Zwei Fragen bleiben jedoch unbeantwortet: Auf welche möglichen Entscheidungen spielt der Minister an und inwieweit wird seine Haltung die gesamte Regierung betreffen. Zum ersten Punkt lässt sich mit Sicherheit sagen, was absolut ausgeschlossen bleibt: die Anerkennung des Staates Palästina. Erst wenige Wochen sind vergangen, seit die Premierministerin die Idee in sehr drastischen Tönen zurückgewiesen hat. Sie hat es nicht überdacht und beabsichtigt jedenfalls nicht, den Anschein zu erwecken, in absehbarer Zeit einen Rückzieher zu machen. Eine Anerkennung kommt nicht in Frage, und Crosetto selbst ist der Erste, der dies klarstellt. Eine Anerkennung, so erklärt er knapp, liefe Gefahr , „zu einer politischen Provokation zu werden“. Das würde, wie der Premierminister behauptet, mehr schaden als nützen. Gestern schlug der französische Präsident Macron in einem noch heftigeren Angriff als sonst auf die israelische Regierung erneut die Idee einer UN-Mission für einen dauerhaften Waffenstillstand vor. Italien hat sich bisher nicht dazu geäußert, doch die Idee scheint jeglichen politischen Realismus zu vermissen. Die USA unterstützen Netanjahus Eskalation , Trump erklärt, es sei Israels Entscheidung, wie es sich gegen die Hamas verteidigen wolle, und eine UN-Mission gegen die USA komme nicht in Frage.

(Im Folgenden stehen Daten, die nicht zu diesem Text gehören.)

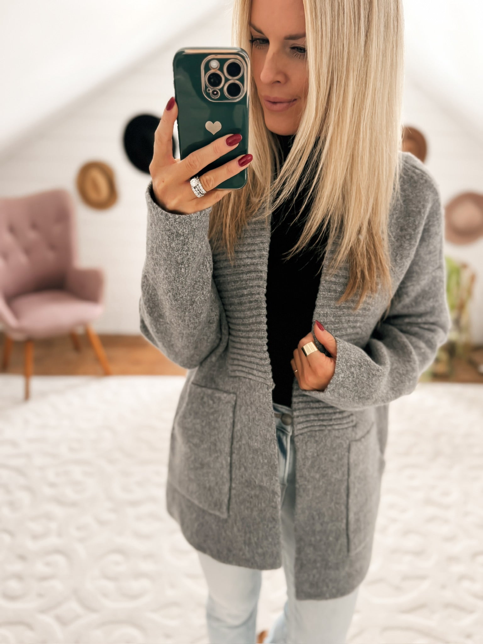 Catching Looks Charcoal Heavy Weight Open Cardi IN STORE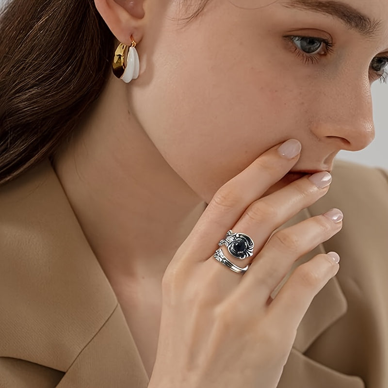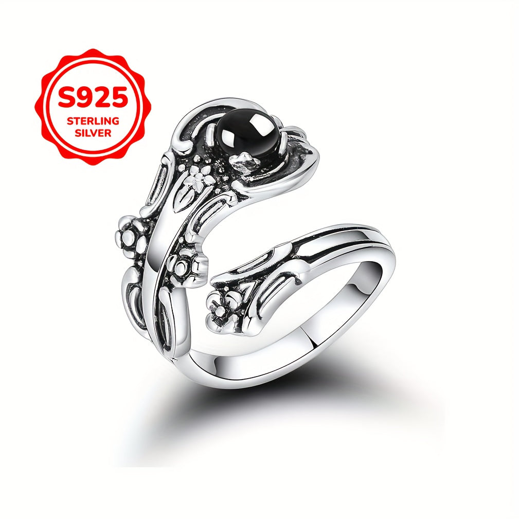 This adjustable open ring is made of high-quality S925 silver with a beautiful floral design and agate inlay. It is hypoallergenic and lightweight, perfect for daily wear or as a special jewelry gift for her.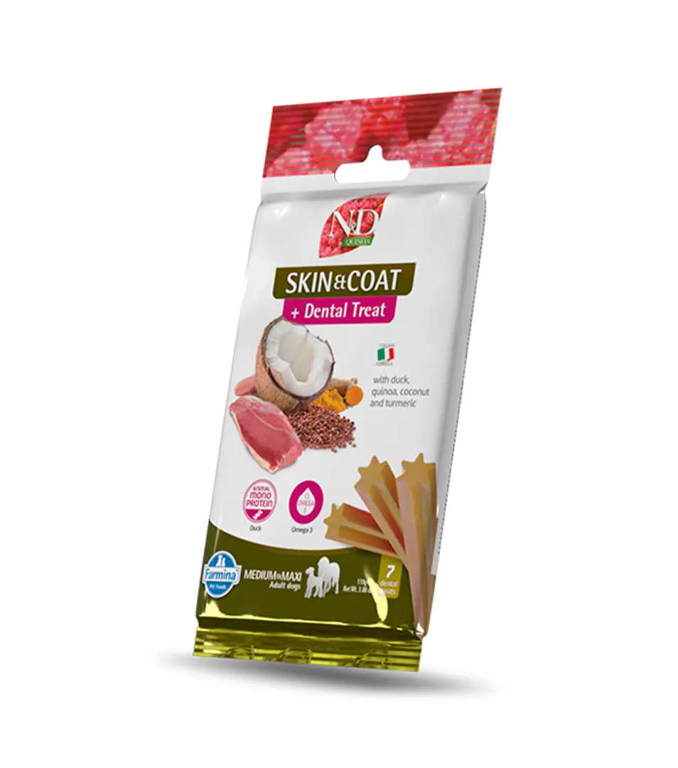 Pamlsok Farmina N&D Quinoa Dog Skin Coat Duck Adult medium & maxi 110gSkladom4,18 €/ KS3,40 € bez DPH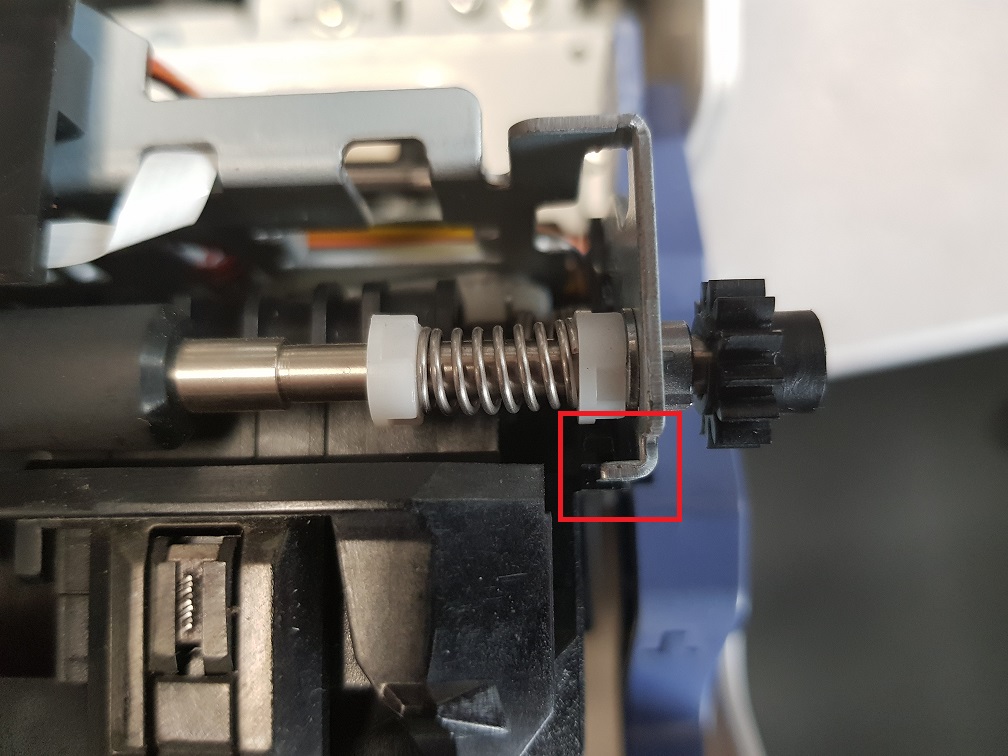 Photo de la tête d'impression avec MAUVAIS placement du ruban :

Bleiben also nur noch Sanktionen. Entweder die Unterbrechung der Militärlieferungen, die Crosetto selbst erst kürzlich ausgeschlossen hat und die Bundeskanzler Merz bereits angekündigt hat, oder Handelssanktionen, wie sie bereits von mehreren Ländern beschlossen wurden, darunter gestern von Finnland , das beschlossen hat, die Investitionen seines Staatsfonds aus 111 israelischen Unternehmen abzuziehen. Die Idee europäischer Sanktionen, insbesondere das Einfrieren des von der Mehrheit der Mitgliedstaaten gebilligten Handelsabkommens zwischen der EU und Israel, wurde vor einigen Wochen durch die Ablehnung Italiens und Deutschlands zunichte gemacht. Doch der Angriff auf Gaza-Stadt, verbunden mit der Empörung über Vorfälle wie die gezielte Tötung von sechs Al-Jazeera- Journalisten am vergangenen Sonntag , könnte sowohl Merz als auch Italien dazu bewegen, ihre Position zu überdenken. Vorausgesetzt, die Lega, deren völliges Schweigen ihre nach wie vor klare Unterstützung Netanjahus offenbart, mischt sich nicht ein. Es sei denn, Giorgia, die sich vorerst noch gegen jegliche Sanktionen ausspricht, überdenkt ihre Position oder wird durch die Ereignisse dazu gezwungen.